__About this task__: For the data that follows, print the line with "Kanjivaram Pure Wedding", the line with "Inhoud: 1x Lepel, 1x", and all lines between them, exactly as they stand. Omit pictures and add nothing.

__Supplied information__:
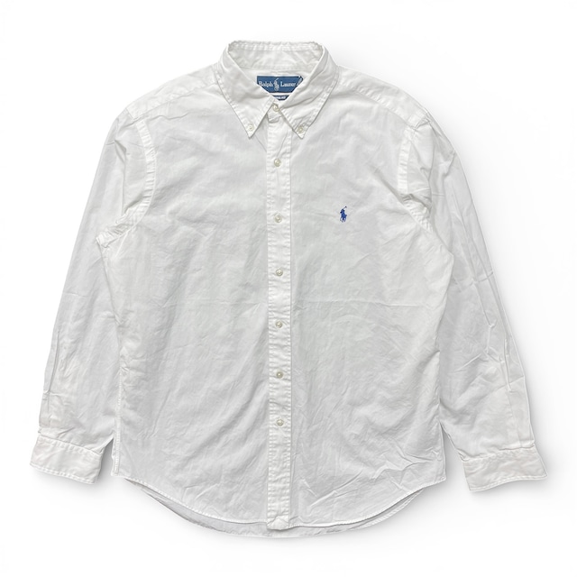 USA 古着 RALPH LAUREN ラルフローレン オックスフォード コットン 長袖シャツ 白シャツ ホワイト メンズL BG1386
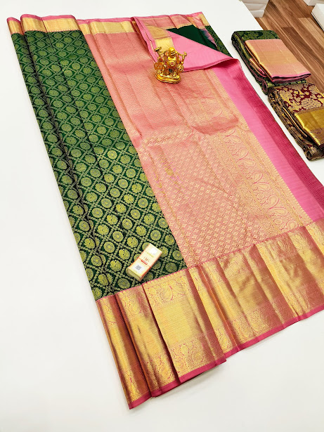 Kanjivaram Pure Wedding Silk Saree Green Color w/ Blouse
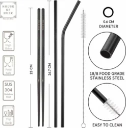 Inhoud: 1x Lepel, 1x Vork, 1 Mes, 1 paar Eetstokjes, 2x Herbruikbare Rietjes, 1x Reinigingsborstel Rietjes, 1x Opberghoes
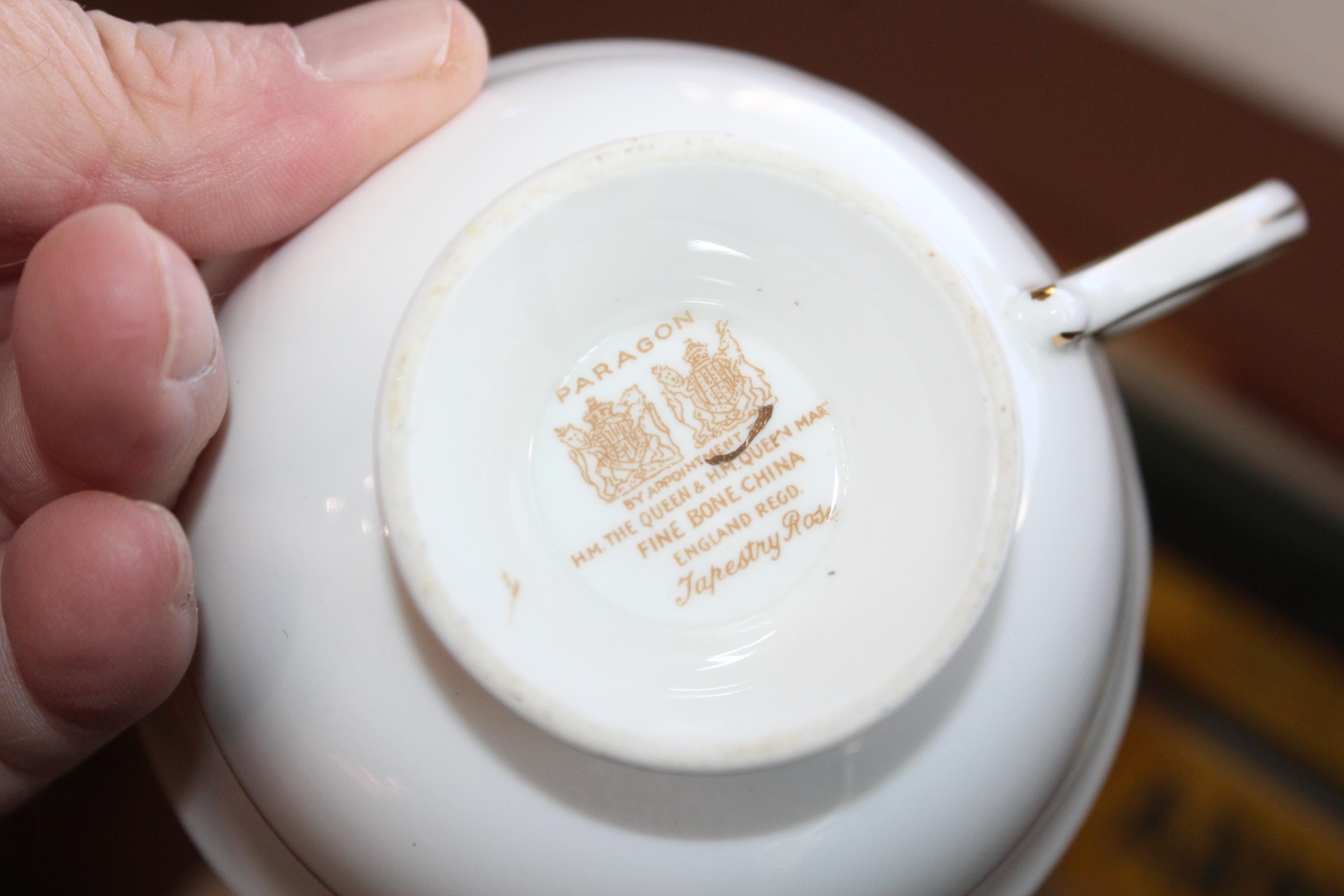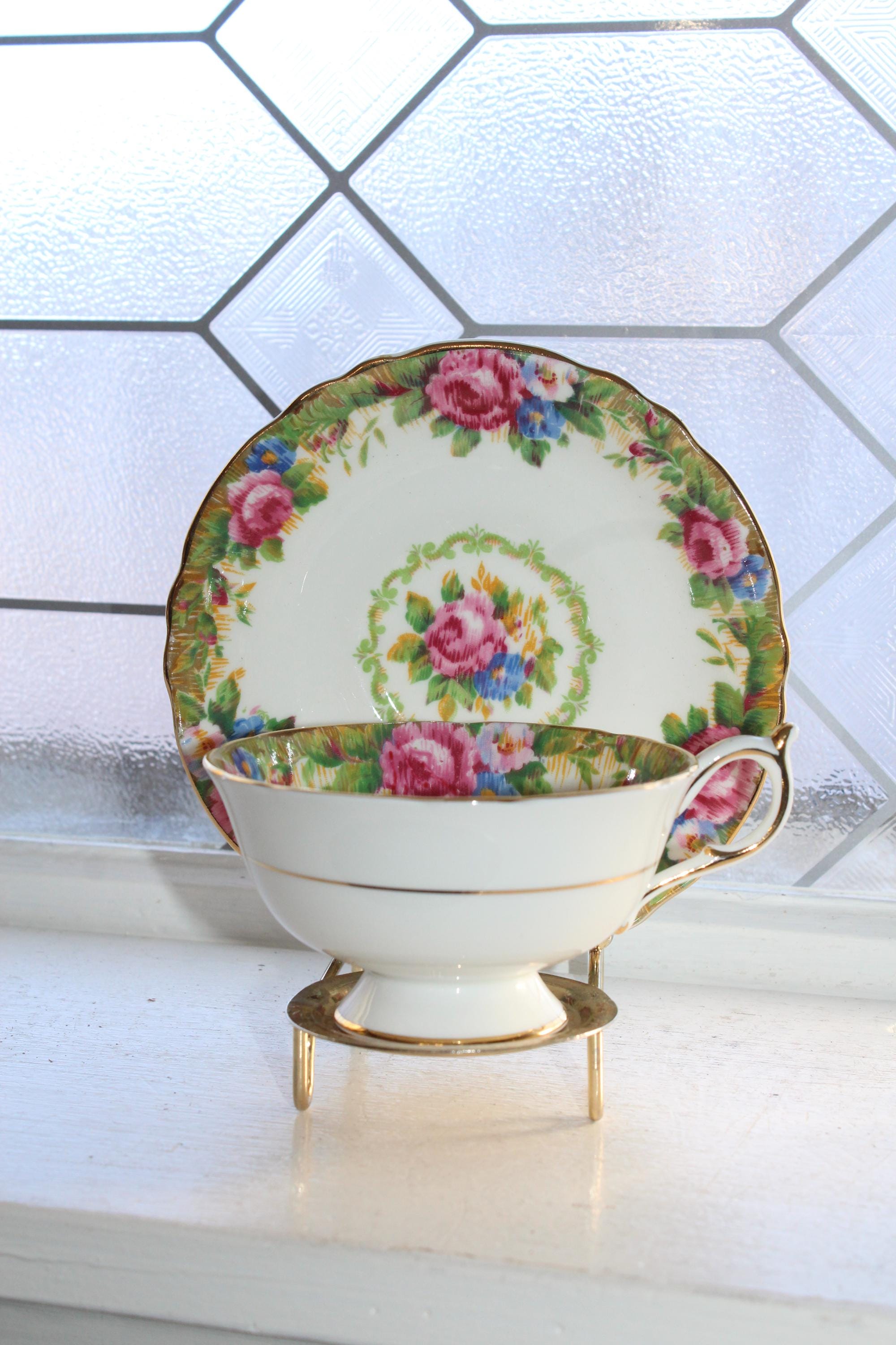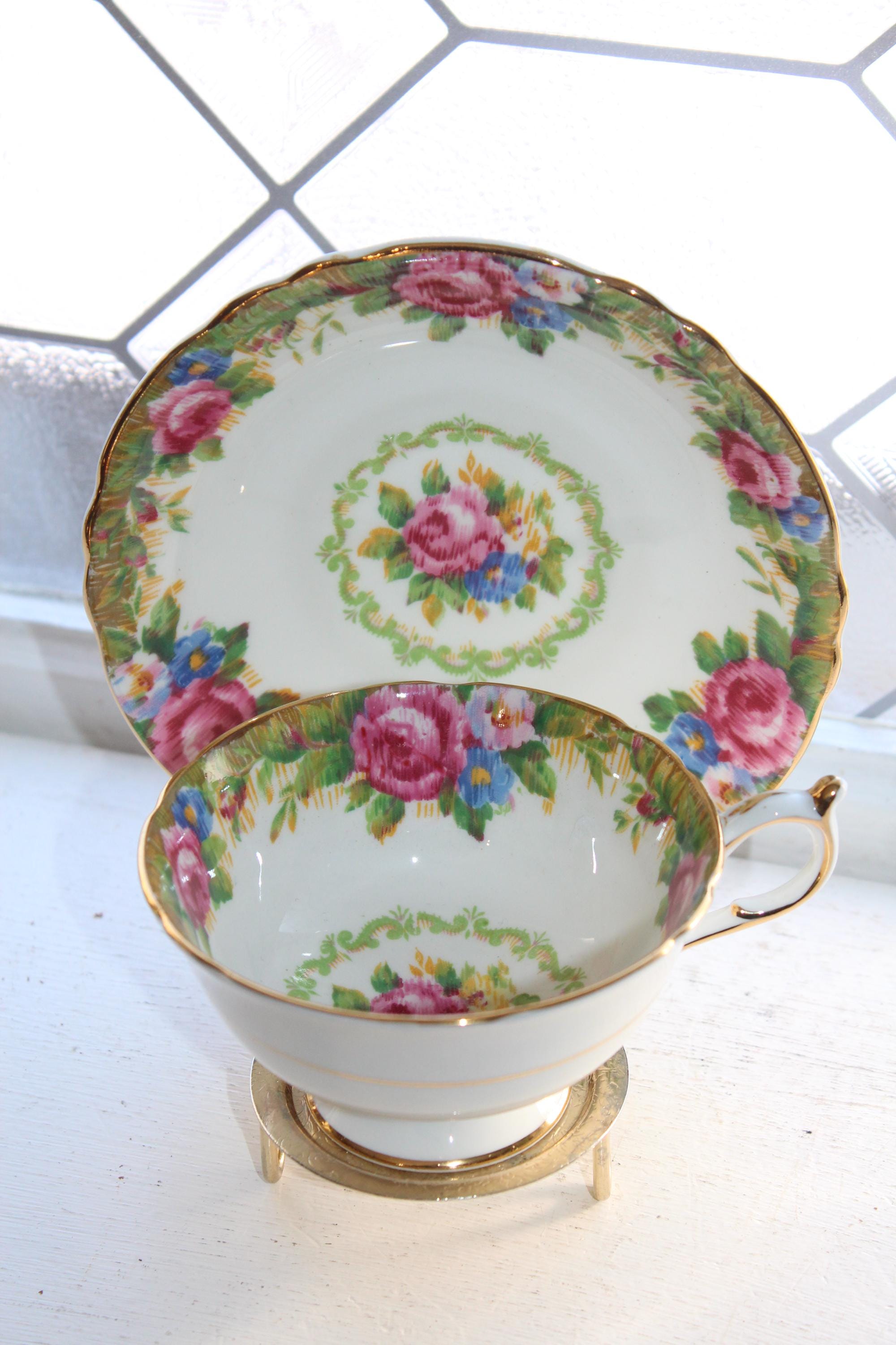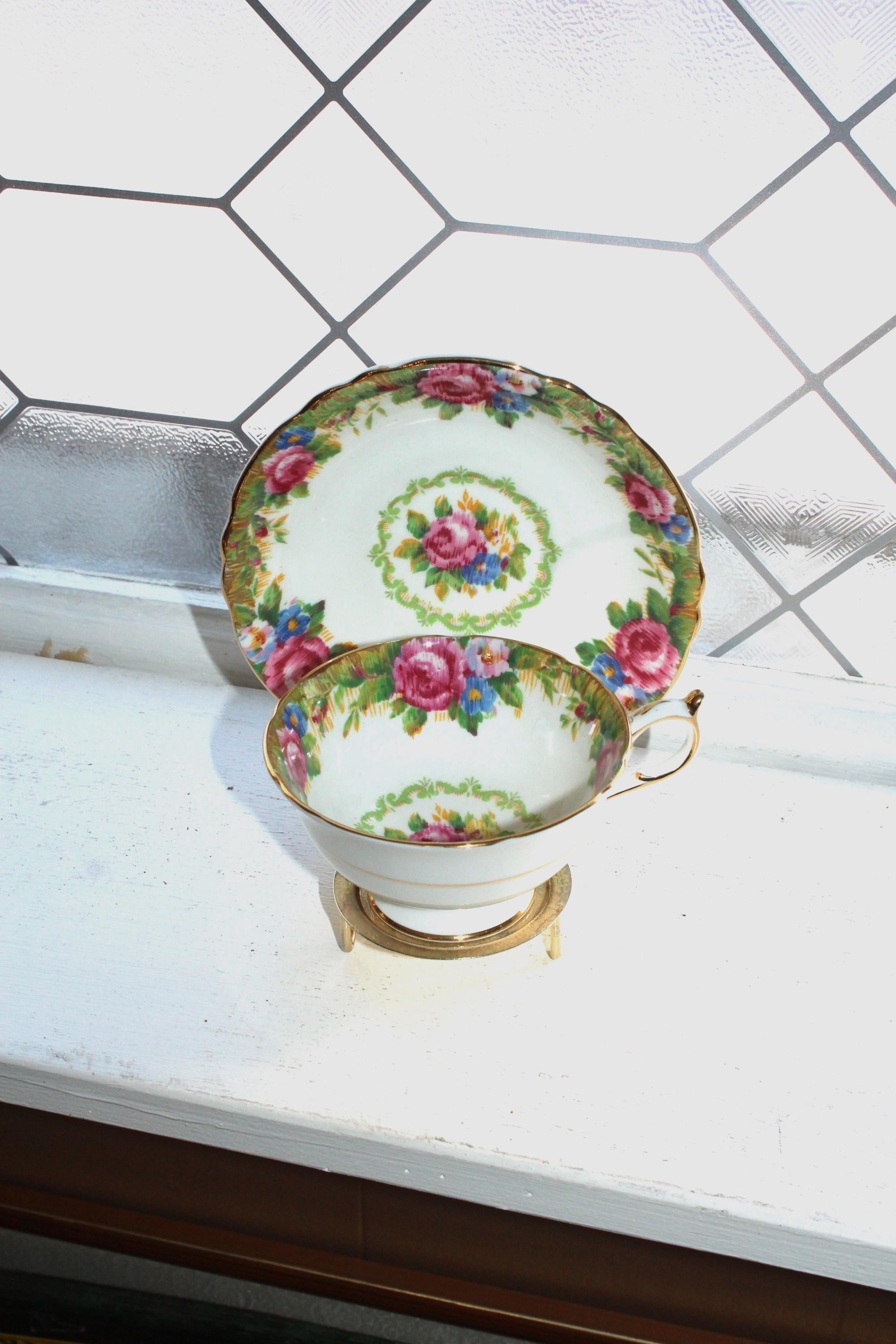 This vintage Paragon fine bone china tea cup and saucer set is just gorgeous! Made in England with a double warrant, it is in excellent condition and features the beautiful Tapestry Rose pattern. The cup measures 2 1/8" high x 4" in diameter and the saucer measures 5 1/2" in diameter. There are no chips or cracks and it displays well. Enjoy!

__Solution for this exercise__:
 Kanjivaram Pure Wedding Silk Saree Green Color w/ Blouse
 Inhoud: 1x Lepel, 1x Vork, 1 Mes, 1 paar Eetstokjes, 2x Herbruikbare Rietjes, 1x Reinigingsborstel Rietjes, 1x Opberghoes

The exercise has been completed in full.